In a report in Hormone Research in Pediatrics, Dr. Talia Hitt and colleagues at Children’s Hospital of Philadelphia and the University of Pennsylvania wrote that parents’ high expectations that growth hormone therapy will improve the quality of life for their children are unlikely to be met if the children are not hormone deficient. They urged clinicians to “support families in other ways that promote positive development in children with short stature.”

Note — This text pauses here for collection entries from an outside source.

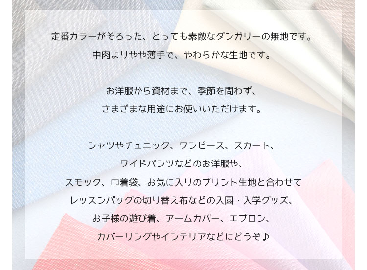 定番カラーがそろった、とっても素敵なダンガリーの無地です。
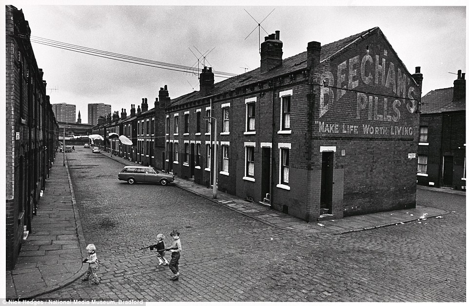 Деца играат со пушки. Јасно е видлива големата реклама испишана на ѕидот на зградата.
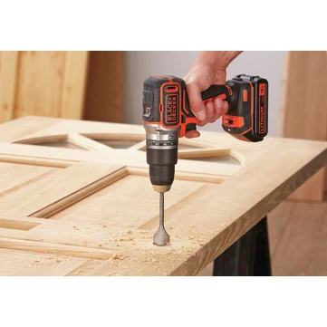 - La puissance et la vitesse pour visser et percer dans le bois, le métal et la pierre grâce à 2 vitesses variables, un couple de 52 Nm et la fonction marteau.
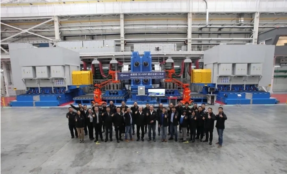 路雖遠,行則將至。歷經兩年的不懈努力,威能極位于天津的26.4MW驅動鏈測試臺經過一個月的試運行于2023年10月竣工并正式投入使用,成為目前全球最大功率測試臺。該測試臺擁有超前的設計理念并匯集了眾多國際先進技術,如威能極自主開發、設計、安裝的模擬主軸支撐系統,其額定/最大扭矩可達32.5/65MNm;它配備世界領先的變頻器首次應用了威能極自主知識產權的控制系統,并安裝了世界首臺最大功率可達26.4MW的異步電機;測試臺地基可承受的動態載荷高達1000噸,并配有150噸天車用來吊裝風機驅動鏈與部件。
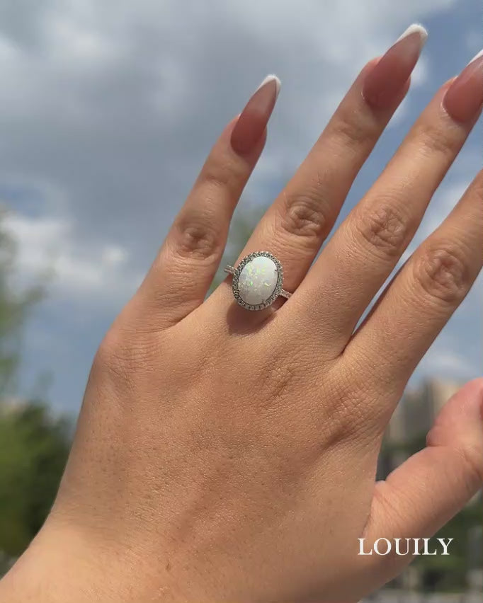 Louily Unique Opal Stone Halo Oval Cut Engagement Ring
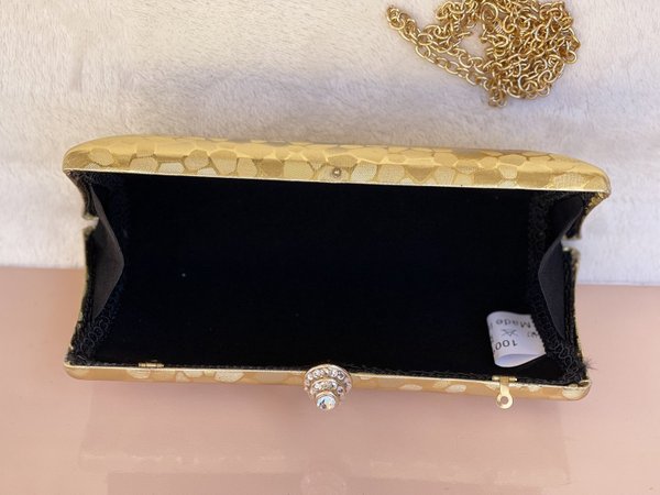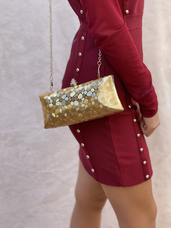 Eleva tu outfit con el Bolso De Fiesta Dorado, la definición perfecta de versatilidad y elegancia. Este bolso ha sido diseñado para ser el protagonista de tu armario.
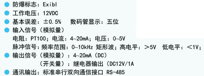 0537-7970778礦用本質安全型智能測控儀表適用于檢測:脈沖頻率信號、直流電流信號、直流電壓信號、交流電壓信號、PT100溫度信號。
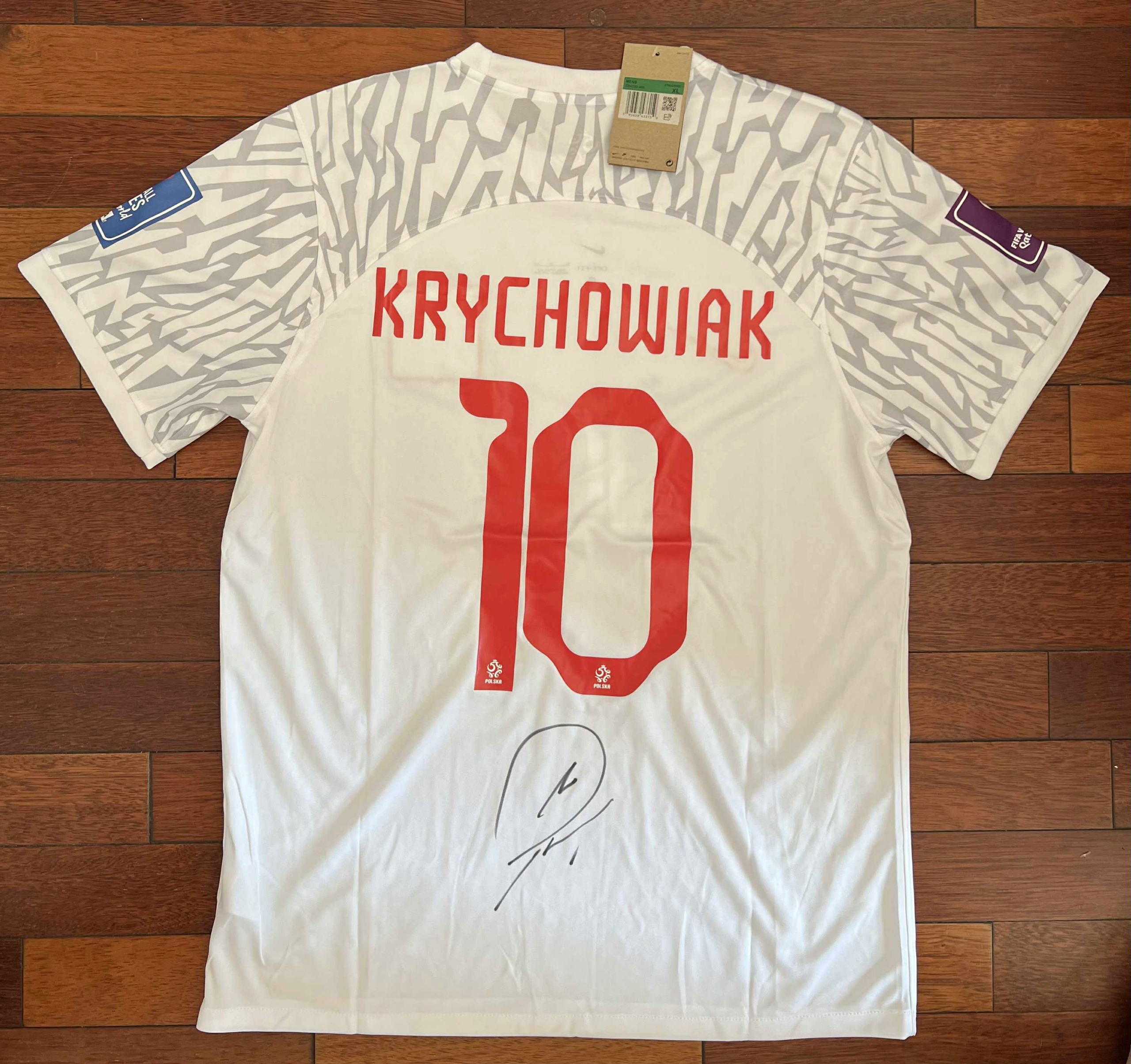t -сорочка з номером 10 національної збірної польської з автографом Grzegorz Krychowiak. Унікальна позиція для футбольних фанатів. Включає сертифікат автентичності у вигляді наклейки QR -коду, виданого авторитетною американською компанією.
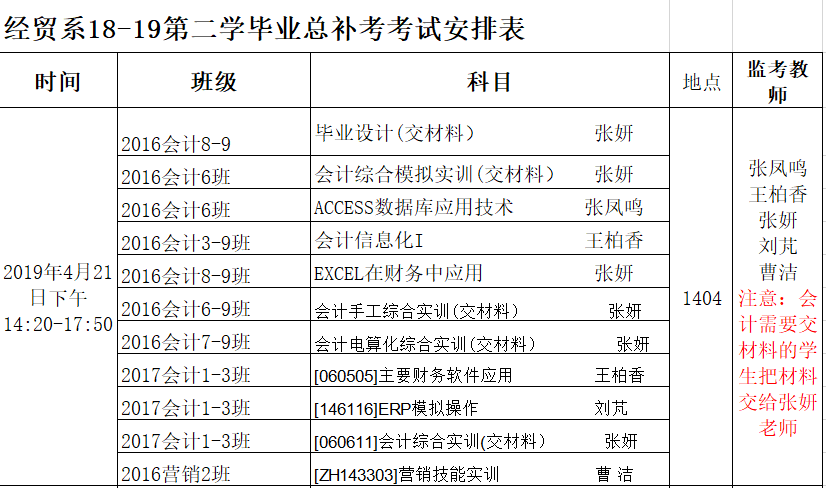经贸系18-19届第二学期总补考考试安排
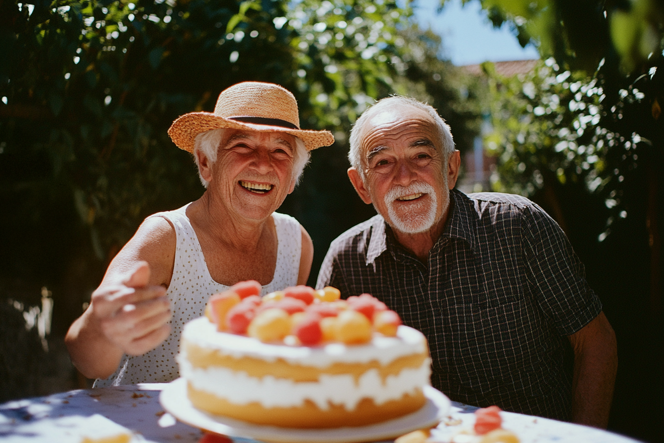 Irudiak bikote nagusi bat erakusten du pozik irribarrez, aire librean fruta apainduriko tarta baten aurrean jarrera hartuta. Biak alai eta lasai daude, ospakizun une bat erakutsiz. Emakumeak lastozko txano bat eta mahuka gabeko blusa bat daramatza, eta eskuarekin keinu alaia egiten ari da. Gizonak, bizar zuriarekin eta laukidun kamiseta batekin, uneaz gozatuz ageri da. Atzean hosto berdeak eta natura paisaia ikus daitezke, familia bilera bero eta atsegina iradokiz. Tartak marrubiak eta bestelako fruituak ditu, konposizioari kolore eta erakargarritasun ukitua emanez.

费城儿童医院的塔莉亚·希特(Talia Hitt)博士及其同事联合宾夕法尼亚大学在《儿科激素研究》(Hormone Research in Pediatrics)期刊发表的一份报告中写道,如果孩子没有激素缺乏,家长对生长激素疗法改善孩子生活质量的过高期待不太可能得到满足。他们敦促临床医师用其他方式来“支持家庭,以促进矮小儿童的积极发展”。
Dr. Philippa Gordon, a pediatrician in Brooklyn, N.Y., urges parents to make sure their children know “that people can be all different sizes and shapes and that their love for them is unconditional.”
纽约州布鲁克林市的儿科医生菲利帕·戈登(Philippa Gordon)博士呼吁,家长应确保他们的孩子明白,“人的体型和体态可以各不相同,而父母对他们的爱是无条件的。”